En fin, la Sala encuentra que las tres providencias atacadas resultan ser razonables, en la medida en que contienen argumentos debidamente respaldados por el material probatorio, y realizan la correspondiente valoración de acuerdo con los criterios de la sana crítica. Ello quiere decir que las mismas fueron adoptadas bajo el amparo de los principios constitucionales de autonomía e independencia que orientan la función judicial y, por consiguiente, le está vedado al Juez de Tutela intervenir en las decisiones contenidas en tales sentencias.

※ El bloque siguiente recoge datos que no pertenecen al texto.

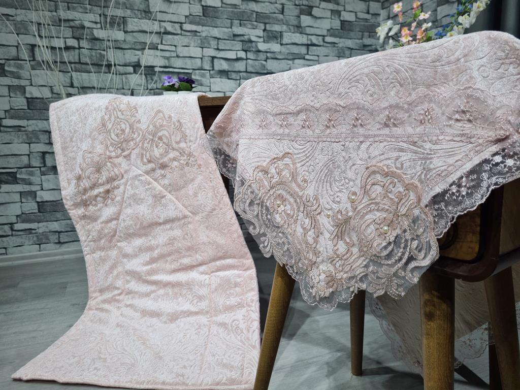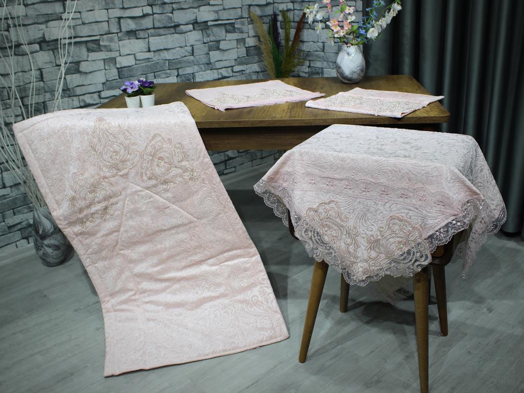 Ürün Adı: "Çeyiz Diyarı Fransız Güpürlü Nesli Kadife 4 Lü Bohça Seti Pudra"

En consecuencia, se negará el amparo invocado por PENSIONES CUNDINAMARCA, pues no se advierte la configuración de la causal específica de procedencia que es alegada por esta entidad.
En mérito de lo expuesto, la CORTE SUPREMA DE JUSTICIA, SALA DE CASACIÓN PENAL, SALA SEGUNDA DE DECISIÓN DE TUTELAS, administrando justicia en nombre de la República de Colombia y por autoridad de la ley,
RESUELVE
1. NEGAR el amparo solicitado por PENSIONES CUNDINAMARCA contra la Sala de Casación Laboral de la Corte Suprema de Justicia y la Sala de Descongestión No. 2 de la misma Corporación.

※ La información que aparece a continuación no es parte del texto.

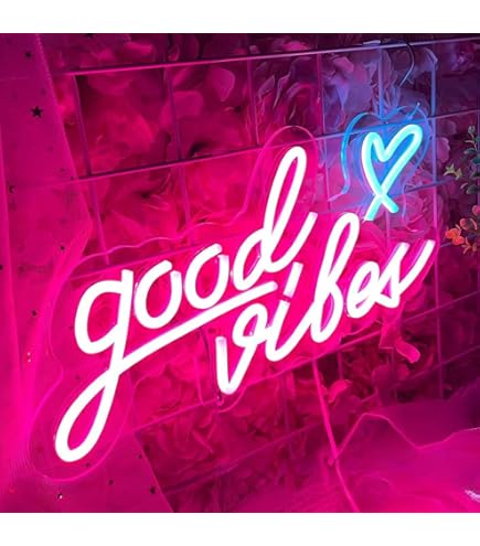 Facile à installer et à utiliser: Un panneau de néon personnalisé, le paquet inclut également 2 crochets et une chaîne. Enseigne Au Néon Good Vibes (13'' X 7''), Alimentée Par Usb, Avec Variateur, Lumière Néon Led Pour Décoration Murale De Chambre À Coucher, Salle De Bain, Salle De Jeu, Bar, Mariage (bleu Vous pouvez le suspendre directement au mur ou le placer sur une table ou une commode. Design pour éclairer votre humeur: Éclairez le mur de votre chambre avec le néon bleu Good Vibes et restez positifs ! Un cadeau unique pour les anniversaires, les déménagements, la Saint-Valentin, les anniversaires de Noël, ainsi que pour d'autres occasions festives en tant que fond d'écran ou accessoire de photos pour la famille, les amoureux, les amis et les collègues Good Vibes Néon USB Enseigne Au Néon Led En Forme De Cœur Rose, Décoration Murale Esthétique Pour Salon De Bar, Petite Entreprise, Cadeau De Chambre à Coucher, Lumière Au Néon USB Led Personnalisé C'est un cadeau idéal pour la famille, les enfants et les amis Il illuminera votre environnement avec sa lumière ultra-attractive, devenant le point focal de votre chambre et de vos réunions. Usage polyvalent: Idéal pour décorer le balcon, la baie vitrée du balcon, la chambre d'enfants, la salle à manger, le porche, le pavillon, les étagères, etc. Lettres LED personnalisées: Ces panneaux néon pour chambre sont fabriqués avec des tubes néon souples et in cassables, ainsi qu'un panneau d'acrylique offrant une excellente transmission de lumière, avec un éclairage doux et uniforme. Enseigne Néon LED Good Vibes - Maroc Utilisant la dernière technologie des tubes LED flexibles, ces panneaux néon pour décoration de bar à domicile ont été créés avec un variateur de luminosité et un interrupteur, offrant un véritable chef-d'œuvre Néon mural USB Be Happy rose Ostaria

2. NOTIFICAR esta providencia de conformidad con el artículo 30 del Decreto 2591 de 1991.
3. De no ser impugnada esta determinación, REMITIR el expediente a la Corte Constitucional para su eventual revisión.
NOTIFÍQUESE Y CÚMPLASE.
HUGO QUINTERO BERNATE
LUIS ANTONIO HERNÁNDEZ BARBOSA
FABIO OSPITIA GARÓN
NUBIA YOLANDA NOVA GARCÍA
Secretaria
1 Las acciones de tutela dirigidas contra la Corte Suprema de Justicia y el Consejo de Estado serán repartidas, para su conocimiento en primera instancia, a la misma Corporación y se resolverá por la Sala de Decisión, Sección o Subsección que corresponda de conformidad con el reglamento al que se refiere el artículo 2.2.3.1.2.4 del presente decreto.
2 En particular, a partir de la sentencia C-590 de 2005.

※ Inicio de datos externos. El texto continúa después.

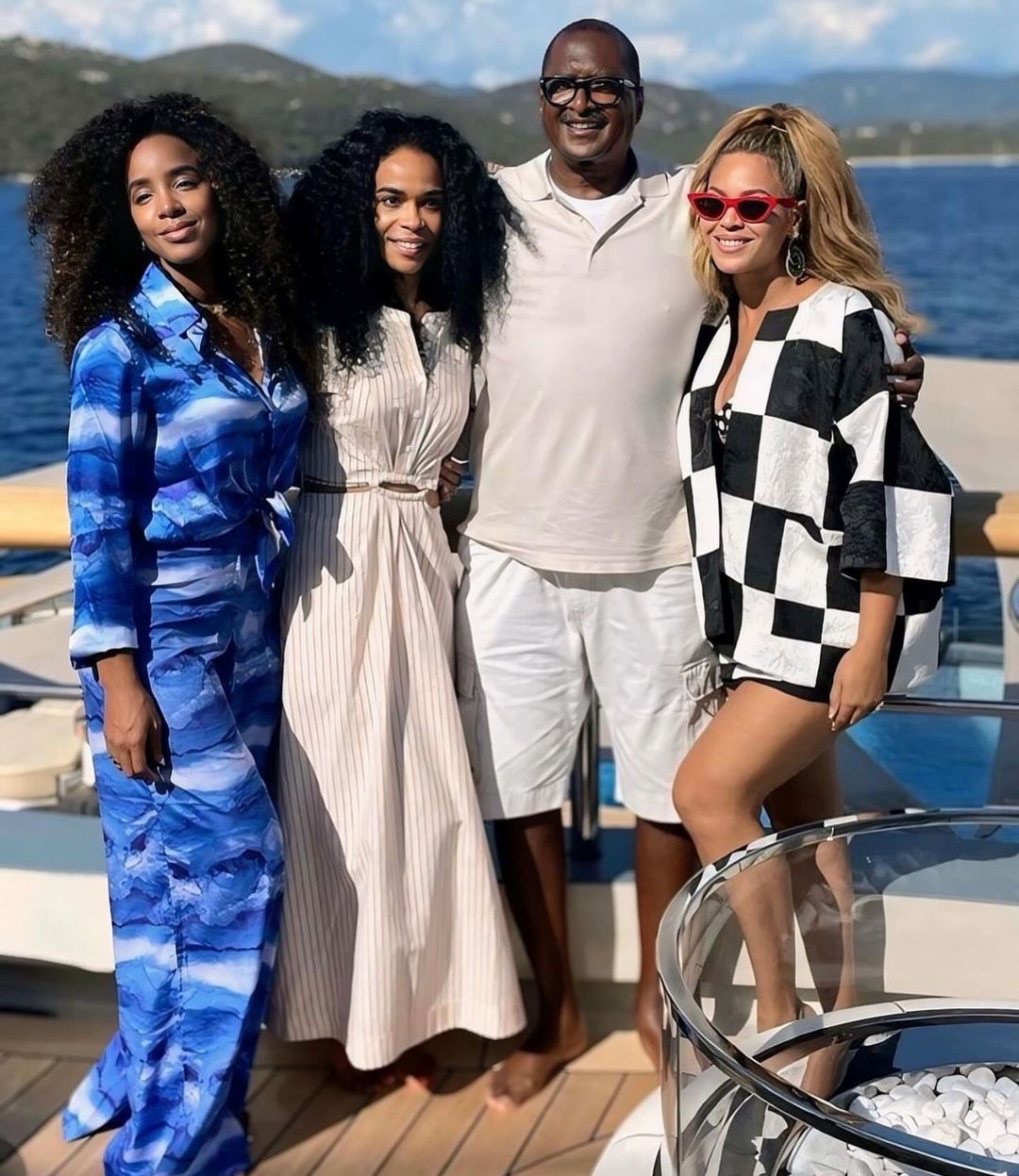 Kelly Rowland looked serene while yachting with former group members Beyonce and Michelle, and former manager Matthew Knowles, matching the waves of the ocean with her ocean printed Sai Sankoh set:

3 (i) Que la cuestión discutida sea de evidente relevancia constitucional; (ii) que se hayan agotado previamente todos los medios ordinarios y extraordinarios de defensa judicial; (iii) que se cumpla con el requisito de inmediatez; (iv) que, si se trata de una irregularidad procesal, se demuestre que ella tuvo un efecto decisivo sobre la decisión final; (v) que se identifique de manera clara tanto los hechos que generaron la presunta vulneración como los derechos fundamentales violados y (vi) que las providencias cuestionadas no sean sentencias de tutela.
4 (i) El defecto orgánico; (ii) el defecto procedimental absoluto; (iii) el defecto fáctico; (iv) el defecto material o sustantivo; (v) el error inducido; (vi) la falta de motivación; (vii) el desconocimiento del precedente y (viii) la violación directa de la Constitución.
5 Pues, en efecto, ya se agotó el recurso extraordinario de casación e, incluso, se interpuso una acción de revisión en contra de los pronunciamientos atacados.
6 Pues, si bien es cierto que las sentencias de casación e instancia se profirieron hace más de 2 años, la verdad es que el último acto procesal relevante, es decir, la emisión de la decisión por medio de la cual se negó la revisión de las providencias cuestionadas, se realizó hace menos de 2 meses.
7 Valga aclarar que, si bien en la demanda se citan una serie de folios del “Cuaderno (2) pdf”, lo cierto es que dicho cuaderno no fue aportado como anexo de la demanda ni tampoco fue allegado por ninguna de las partes vinculadas.